The abdominal lymph nodes of CT images are miniscule and inconspicuous, surrounded by tissues such as blood vessels and muscles. The detailed visualization of masking strategies is illustrated in Figure 5 with the example node marked by a red rectangular box. The labeling box inevitably destroys the semantic information contained in the original CT scanning images. In order to better utilize the internal feature, an approach to retain the semantic information is desirable. Image masks can retain information in specific areas and block out the interference of irrelevant areas. The mask is a binary matrix mapping from a picture, where pixel value 1 represents the region of interest (ROI) and pixel value 0 represents the region to be ignored. Image mask has 2 obvious advantages: visualizing node coordinates from the corresponding CT image and reserving useful features based on spatial prior. We proposed 6 masking strategies to address the node partition task, each representing different semantic information.
- Masking strategy I: Masking strategy I was designed to introduce the approximate positional information of abdominal lymph nodes. The original CT image with a labeling box is processed by binarization treatment. Within the labeling box, the pixel values are set to 1. The pixel values of the other area in this CT image are set to 0.
- Masking strategy II: On the basis of the introduction of positional information, masking strategy II was designed to bring morphological information into the computation. The pixel values outside the marked area are set to 0. Moreover, the pixel values in the labeling box retain the values of the original CT image based on masking strategy I.
- Masking strategy III: The abdominal outline information is vital to the partition task. Masking strategy III was designed to better introduce the abdominal contours. Within the abdominal contour region, the pixel values are set to 1, whereas the pixel values in the labeling box and other areas are set to 0.
- Masking strategy IV: Based on the introduction of abdominal contours, masking strategy IV, aimed to retain the morphological characteristics in the original abdominal CT image. In other words, the pixels in the labeling box retain the values of the original CT image. The rest of the pixel values in the abdominal contour region are set to 1. Moreover, the pixel values outside the abdominal contour region are set to 0.
- Masking strategy
V: On the basis of masking strategy III, masking strategy V further introduces the imaging characteristics of bone. Due to the immutability of bones, the relative positional information is further heightened. - Masking strategy VI: Based on masking strategy IV, masking strategy VI is the most complete one, which has the most abundance semantic information. The important characteristics are fully applied, including: the morphological features, the abdominal contours, and the relative positional information between nodes and bones.

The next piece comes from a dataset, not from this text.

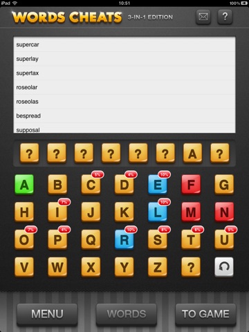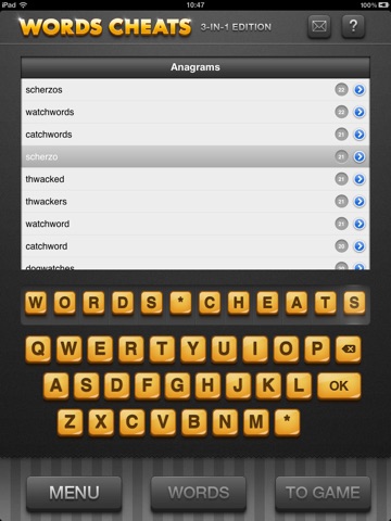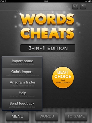 An ad-free, smart cheat app for the most popular games: Words with friends, Hanging with Friends and Scrabble. We automatically input the board and find the best moves for you! Now you can cheat or play jokes on your friends by making 80 point moves, or improve your skills using the built-in dictionary and anagram finder.
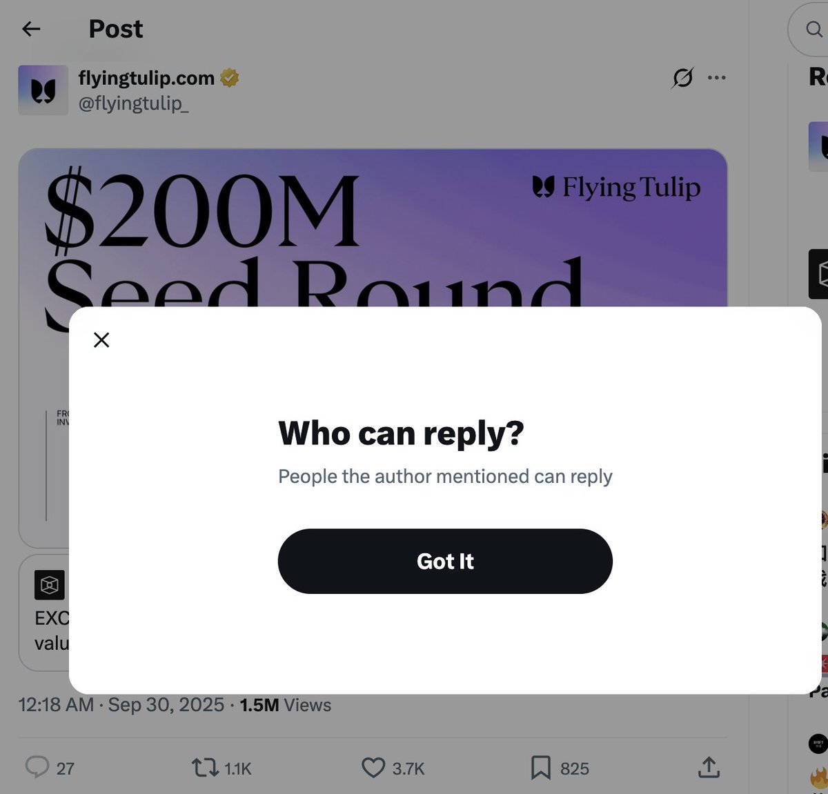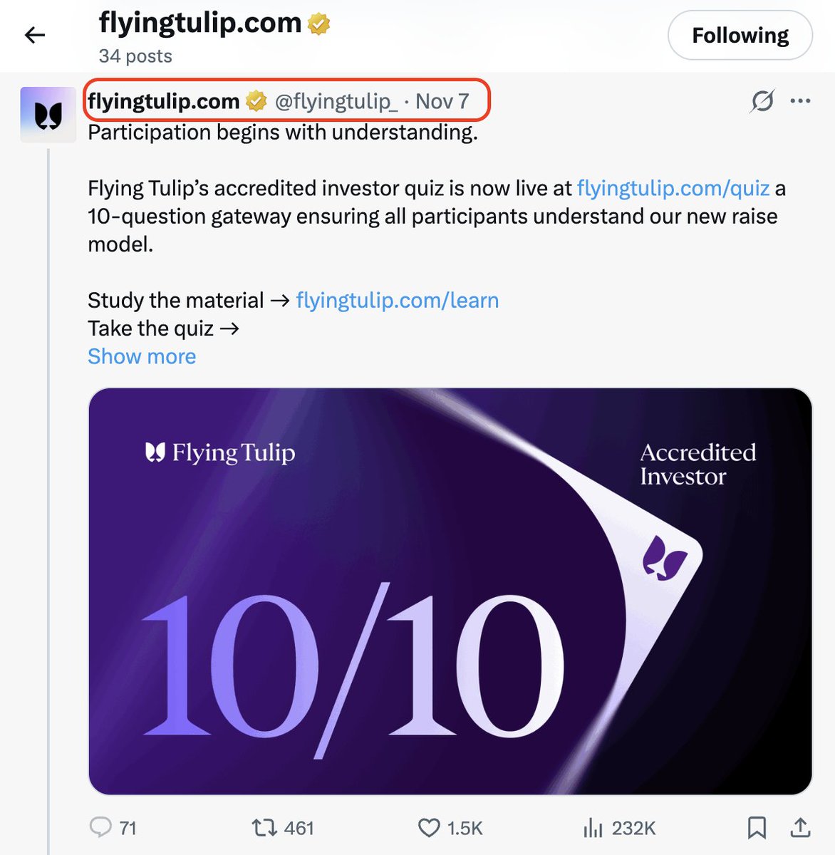 我认为AC 估值10亿美元的新创业盘 @flyingtulip_ 会中道崩殂、胎死腹中并非毫无根据: 1/ @flyingtulip_ 官推已经有近一个月时间没发布推文了,上一条原创推文发布时间定格在11月7日; 2/ 评论区已关闭,限制评论。 非常非常不好的迹象。

In general, the masking strategies I, III, and V only retain the approximate location information and ignore the morphological features of abdominal lymph nodes. The masking strategies II, IV, and VI reserve the morphological features of lymph nodes. The masking strategies I and II only focus on the nodes, whereas the vision is limited. The masking strategies III and IV take the abdominal contours into consideration. The masking strategies V and VI further introduce the imaging features of abdominal bone, improving the relative positional information in the lower abdomen.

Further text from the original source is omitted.